Delirios de Oberá. Juan de Garay sale contra él. Certamen singular de dos indios contra los españoles. Crueldad de Tupuynuris. Congreso de los indios. Sorprende Garay a los Tupuynuris. Duelo de Curemó y Urambiá. Victoria de Garay contra los secuaces de Oberá. Fundación de Santiago de Jerez.


No es cosa nueva que el espíritu de secta perturbe el orden público de una sociedad á un mismo tiempo civil y religiosa. Un cacique Guaraní por carácter tan inquieto, como ambicioso, es el novador que empieza á dogmatizar, y á hacerse partidarios en estas partes. Llamábase Oberá, que quiere decir Resplandor; y aunque este era de sólo nombre, bastó para deslumbrar primero á él, y después a muchos. Favorecían los designios de Oberá, las negligencias de un párroco idiota hasta la irregularidad. Este era un tal Martín González, cuyas explicaciones absurdas sobre los dogmas más sublimes y las verdades más abstractas de la fé sólo servían á engrosar la nube que los encubre, y á ocasión de nuevos errores. A sombras de esta guía perniciosa tuvo Oberá el sacrilegio atrevimiento de atribuirse las principales circunstancias del Mesías, preconizándose por salvador de la nación Guaraní.

Servíase de la mágica, que en los demás corría con crédito: daba libertad para vivir á las leyes del antojo, y prometía arruinar el poder español, valiéndose de un oculto cometa poco antes visto, que decía tener reservado á su furor. Con tan halagüeñas esperanzas no es mucho hiciese gustar sus desvaríos á unas almas espesas y amantes de la novedad. Casi toda la provincia quedó sublevada y hecha presa de sus prestigios. Retirado el impostor hacia el Paraná con un gran séquito, recibía los honores divinos entre el incienso de las más torpes sensualidades, que se permitía á sí y á sus adoradores.
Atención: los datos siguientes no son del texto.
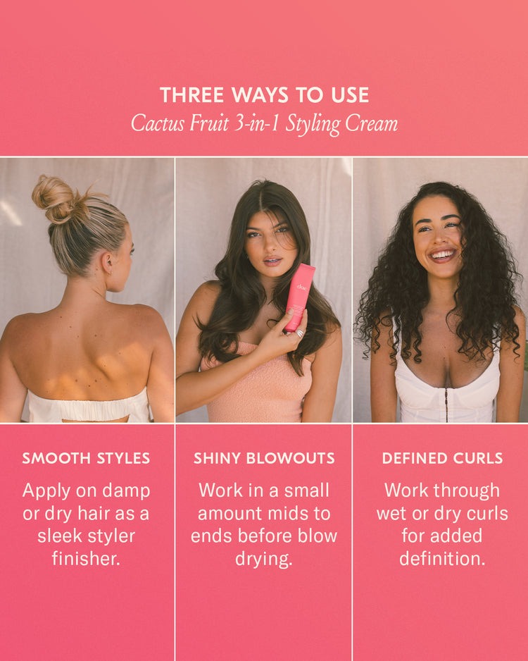 Use our Cactus Fruit 3-in-1 Styling Cream to: 1) Create Smooth Styles: Use a small amount on damp hair and let air dry or on dry hair as a sleek style finisher. 2) Prep shiny blowouts: Work in a small amount mid to ends before blow drying. 3) Define natural curls: Work through wet or dry curls for definition.

Nada era más esencial en este tiempo de turbulencia, que pensar seriamente en los medios de restablecer la calma interior. Trató de poner remedio el valeroso Juan de Garay, que con ciento treinta soldados escogidos vino á acampar en el origen del río Ipané; no tanto por debelar con el rebelde, cuanto por impedirle los socorros. No, bien los españoles habían hecho su asiento, cuando vieron salir de un bosque dos indios de gallarda presencia. Eran vasallos del cacique Tapuyguasú; llamábanse Pitum y Corasí; venían desnudos, y sin otra arma que el dardo que empuñaban. La sorpresa de los españoles fué mayor cuando advirtieron, que acercándose á una distancia proporcionada, desafiaron á los más valientes con la ventaja de que saliesen dos contra uno, y con armas dobladas. Espeluca y Juan Fernández de Enciso, dos españoles de igual brío que intrepidez, no hicieron más que mirarse, y como si con ellos sólo hablase el desafío, tomaron sus espadas, y se presentaron al combate. Pitum fué el primero, que entregado todo á su cólera, embistió á Enciso tan arrogante, que á no ser él, cualquier otro hubiera sucumbido. El bárbaro se lisonjeaba de la victoria, cuando veía, que traspasada por varias partes la rodela de su contrario se hallaba menos á cubierto de sus tiros. Enciso disipó en breve esta esperanza mal concebida.

A los primeros golpes de un brazo tan esforzado perdió Pitum su dardo, y recibió en el vientre una herida muy peligrosa. No desmayó con todo, antes bien más inflamado que nunca se arrojó sobre Enciso con un valor precipitado. Valióle á este su destreza y presencia de espíritu; pues á beneficio de otro golpe le echó una mano á tierra, lo dejó fuera de combate. Espeluca por su parte no se desempeñaba con menor aliento. Es verdad, que Corasí ganó sobre él la ventaja de haberlo derribado al primer bote de su dardo; pero también lo es que apoyado en las rodillas, se reparó con prontitud, y pudo llevarle una mejilla en los filos de su espada.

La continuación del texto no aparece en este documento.